Author Topic: Bulk processing  (Read 229 times)

sgbotsford

  • Newbie
  • *
  • Posts: 6
Bulk processing
« on: March 04, 2019, 09:57:30 PM »
A search so far hasn't revealed the best way to attack this:

Periodically I run  "update image files from stored keyword database.

This write out my keywords to the individual images.

However, I've changed the format of my keywords, after finding out that Apple Aperture doesn't store parent keywords.

Ideally I want this to be file driven to run with a single or small number of invocations  of Exiftool

I want to do a global replace of keywords:

Existing Keyword || List of keywords to replace it with.
White Spruce || Spruce, White | Picea glauca | Conifer | Native Tree
Inferno Sugar Maple || Maple, Sugar "Inferno" | Acer sacharnum | Shade Tree | Edible (sap)

At present what I think I would have to do is run Exiftool once and pull all the existing keywords out of it, sort them, and probably stuff them in a spreadsheet temporarily, then sort in various ways while making the additions.

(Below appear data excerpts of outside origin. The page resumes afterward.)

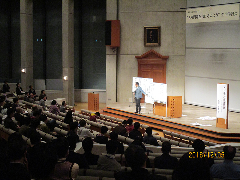 12月5日(水)18時より、2018年度第2回“人権問題を共に考えよう”全学学習会を開催し、学生、教職員、一般来聴の方々など約250名にご参加いただきました。
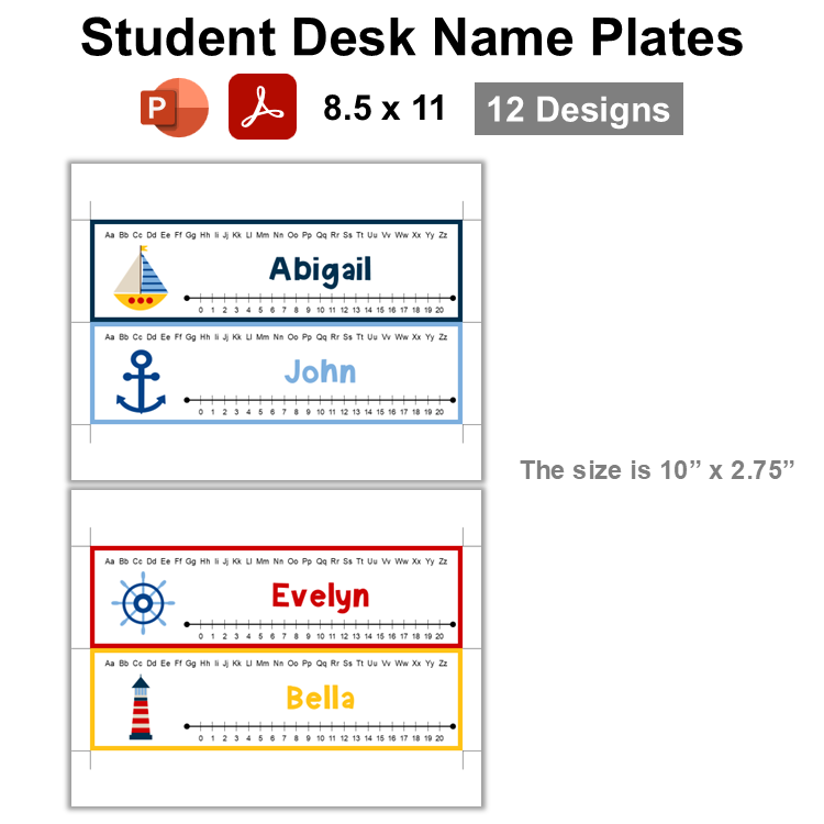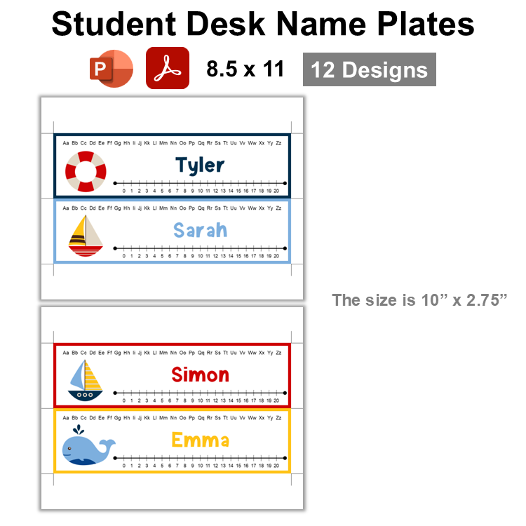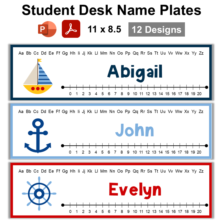This listing is for a ready-to-print set of student desk plates with Nautical Theme and an editable template. There are 12 designs in this template.
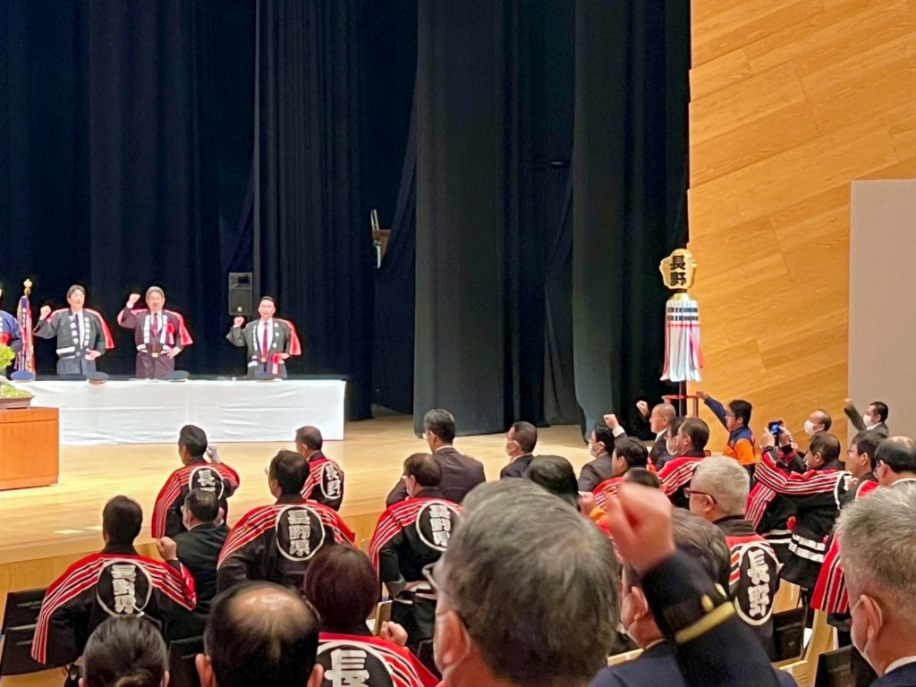 ホーム令和6年長野市消防出初式典です 令和6年長野市消防出初式典です活動報告 例年に比べ、コロナ明けということもあり、多くの団員が参加されてました。荻原長野市長などのご挨拶のあと、僕から「日々の訓練、整備点検、出動、夜警などへの感謝を申し上げます。僕自身も、火災から消防団の方に救って頂き、命拾いをしております1人です。皆様があって、地域がより身近に守られています。どうか今年一年、身体に気をつけられ、任務に頑張ってください!」とお話しさせて頂きました。 最後に「火の用心」の三唱で、閉会となりました。本日は朝から、誠にお疲れ様でした!
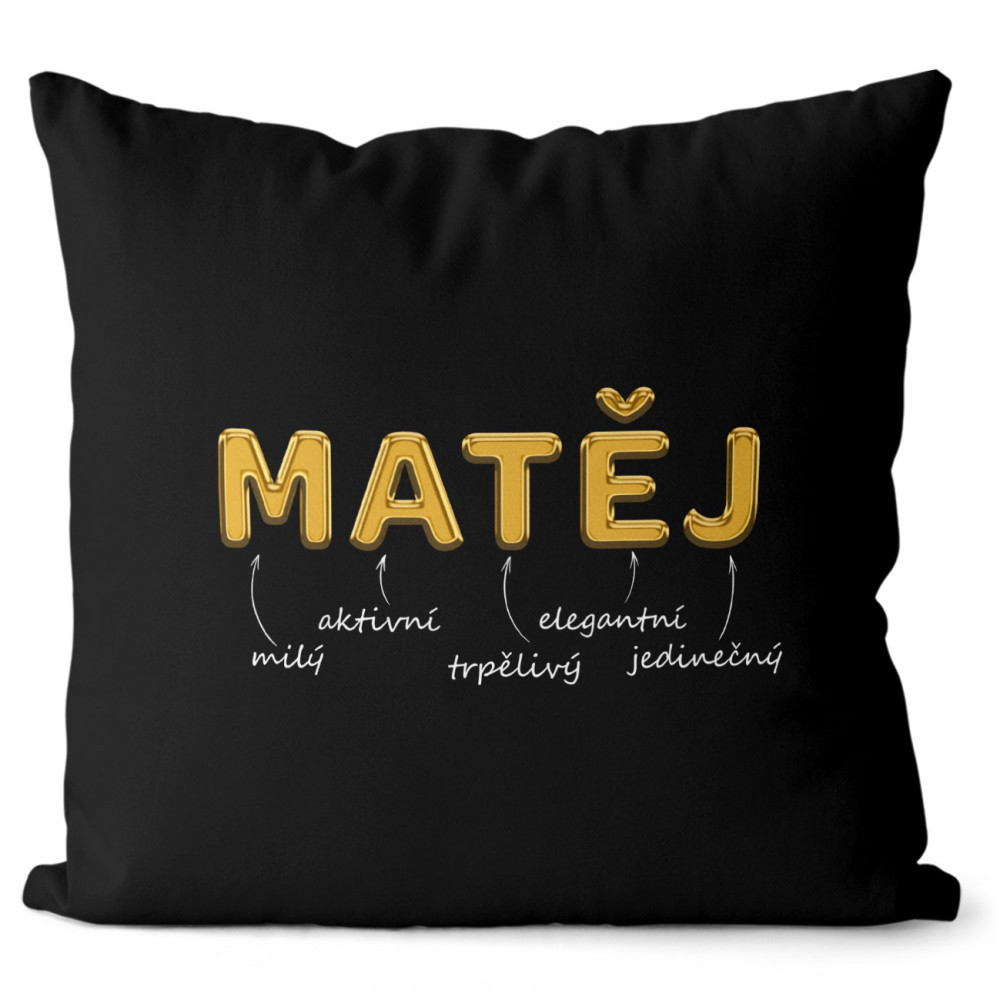 Originální polštářek v černé barvě s vlastním jménem. Má oboustranný potisk se zapínáním a vyjímatelnou výplň.

Then write a perl script that runs exiftool twice -- once to pull the existing keywords out of a file, then create the new list of words from the old list, then call exiftool a second time to write out the new words.  This uses two calls per image file.  At 30,000 images, this will take a while.

Is there a better way to approach this?

StarGeek

  • Global Moderator
  • ExifTool Freak
  • *****
  • Posts: 2569
Re: Bulk processing
« Reply #1 on: March 04, 2019, 11:24:58 PM »
I'm guessing that you have a lot of keywords?

Running twice per file would be really inefficient.  I can think of a couple ways to do a bulk replacement using a specialized config file, but it would require a list of the keywords and replacements ahead of time.

Unless someone comes along with a better idea, I'll see what I can do to make a replacement keyword config which you could just copy/paste a big list of keywords and their replacements.  Can I assume the list you would make would be in the format above?  Though I would suggest not having spaces around the separators.  For example
White Spruce||Spruce, White|Picea glauca|Conifer|Native Tree
Inferno Sugar Maple||Maple, Sugar "Inferno"|Acer sacharnum|Shade Tree|Edible (sap)
Troubleshooting hints:
* When posting, include your OS, Exiftool version, and type of file you're processing (MP4, JPG, etc).
* Double all percent signs (%) in a Windows batch file.
* If your GPS coords are negative, make sure and set the GpsLatitudeRef and GpsLongitudeRef tags correctly.

StarGeek

  • Global Moderator
  • ExifTool Freak
  • *****
  • Posts: 2569
Re: Bulk processing
« Reply #2 on: March 05, 2019, 02:37:03 PM »
Here's a config file that will replace keywords with the given list of new keywords.  It is currently set to read the Subject tag for the keywords, though this can be changed if needed.

You would take your list of keywords and replacements in the format
ExistingKeyword||ReplacementKeyword1|ReplacementKeyword2|ReplacementKeyword3
and place it at the end of the file after the __DATA__ line.  If this format isn't convenient, let me know what is and I can fix the config.

The replacement of  ExistingKeyword is case insensitive, so White Spruce, white spruce, WHITE SPRUCE, and WhItE SpRuCe would all be replaced.

If no replacements are made, then ReplacementKeywords is undefined.  It will pass through any existing keywords, so you can simply do something like
exiftool -config ReplacementKeywords.config -if "$ReplacementKeywords" "-Subject<ReplacementKeywords" DIR

Example output:
Code: [Select]
C:\>exiftool -config ReplacementKeywords.config -Subject -ReplacementKeywords y:\!temp\Test4.jpg
Subject                         : White Spruce, Other Stuff, Inferno Sugar Maple, Conifer
Replacement Keywords            : Spruce, White, Picea glauca, Conifer, Native Tree, Other Stuff, Maple, Sugar "Inferno", Acer sacharnum, Shade Tree, Edible (sap)

In this example, there are two keywords for replacement, one keyword that will not be replaced, and one keyword that will end up being a duplicate.  White Spruce and Inferno Sugar Maple will be replaced by the appropriate lists.  Other Stuff will be passed through.  Conifer from the original list will be duplicated from the Inferno Sugar Maple replacements, but only appear once in the final list as duplicates are removed.  Also note that "Spruce, White" is a single keyword.  You can double check using the -sep option if desired.

I have not intensively tested this, so make sure you do some testing first to make sure it does what you want.
Troubleshooting hints:
* When posting, include your OS, Exiftool version, and type of file you're processing (MP4, JPG, etc).
* Double all percent signs (%) in a Windows batch file.
* If your GPS coords are negative, make sure and set the GpsLatitudeRef and GpsLongitudeRef tags correctly.